→ Task directions:
In the data below, find the line with "DATASHIELD INVERSOR /" and the line with "- Dipl. Coach", then restate both and every line between them exactly, minus the pictures.

→ Information shown:
= = =

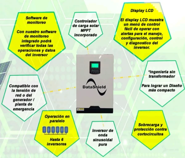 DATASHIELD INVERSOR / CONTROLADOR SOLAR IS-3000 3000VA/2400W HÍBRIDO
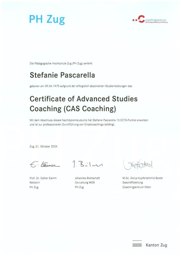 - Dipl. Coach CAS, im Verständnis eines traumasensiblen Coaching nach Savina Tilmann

= = =

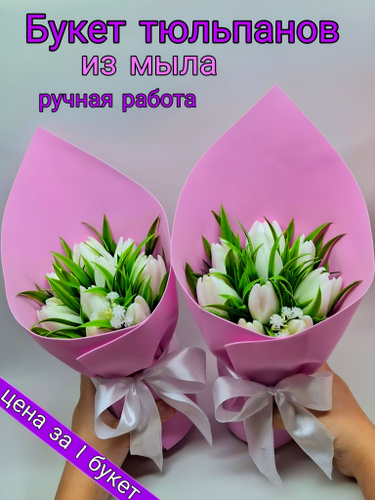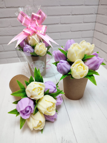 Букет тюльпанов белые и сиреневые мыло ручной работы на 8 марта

= = =

→ Solved exercise:
 DATASHIELD INVERSOR / CONTROLADOR SOLAR IS-3000 3000VA/2400W HÍBRIDO
 - Dipl. Coach CAS, im Verständnis eines traumasensiblen Coaching nach Savina Tilmann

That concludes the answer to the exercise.